As for the greek characters, yeah I can't think of anything else than some sort of lookup table used by another regexp.

Edit, here's the oneliner version:
Edit, added toLowerCase():
Edit, embarrassing fix to the trailing regexp:

function doDashes2(str) {
    return str.replace(/[^a-z0-9]+/gi, '-').replace(/^-*|-*$/g, '').toLowerCase();
}

A simple regex for doing this job is matching all "non-word" characters, and replace them with a -. But before matching this regex, convert the string to lowercase. This alone is not fool proof, since a dash on the end may be possible.

[^a-z]+

Thus, after the replacement; you can trim the dashes (from the front and the back) using this regex:

^-+|-+$

You'd have to create greek-to-latin glyps translation yourself, regex can't help you there. Using a translation array is a good idea.

I can't really say for Greek characters, but for the first example, a simple:

/[^a-zA-Z]+/

Will do the trick when using it as your pattern, and replacing the matches with a "-"

As per the Greek characters, I'd suggest using an array with all the "character translations", and then adding it's values to the regular expression.

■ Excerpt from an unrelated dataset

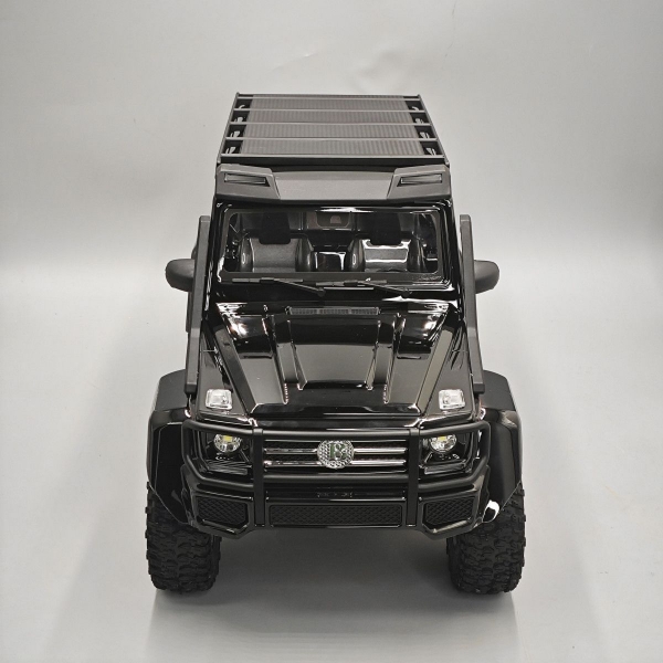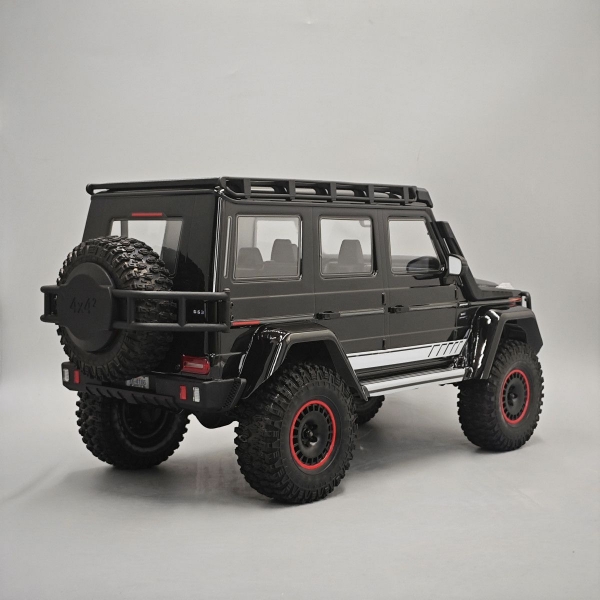 - Модель оснащена реалистичным кузовом из поликарбоната Benz G500 с пластиковыми элементами декора, такими как зеркала, шноркель, багажник на крышу и креплением функционального запасного колеса. По желанию можно обрезать бампер на кузове как указанно в мануале и установить пластиковый силовой. Модель оснащена светоблоком к которому подключены диоды установленные спереди в фары и багажник а сзади в фонари на кузове и бампер, всем светом установленным на модель можно управлять с пульта. Кузов G500 имеет меленькие свесы, что сильно ценится на бездорожье.
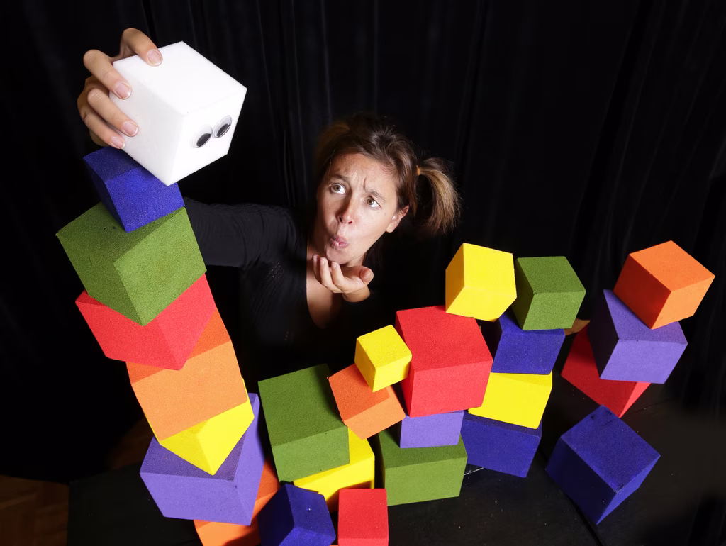 Au…Hee, kleine witte kubus, wie ben jij?? Olleke! Kom, ik zal je alle kleuren laten zien. Wil je weten hoe het is om geel te zijn, lekker vrolijk en vlug?! Weet je wel dat rood heel stoer en sterk is? Wat vind je van blauw? Mooie kleur hè?… Die kan heel streng zijn! Paars dan?… Dat is pas bijzonder… Maar er is nog veel meer. Ik zal een wereld vol kleur voor je maken.

To roughly build the url you would need something like this.

var textbox = "hello world! I think that __i__ am awesome (yes I am!)";
var url = textbox.toLowerCase().replace(/([^a-z])/, '').replace(/\s+/, " ").replace(/\s/, '-');

It simply removes all non-alpha characters, removes double spacing, and then replaces all space chars with a dash.

You could use another regular expression to replace the greek characters with english characters.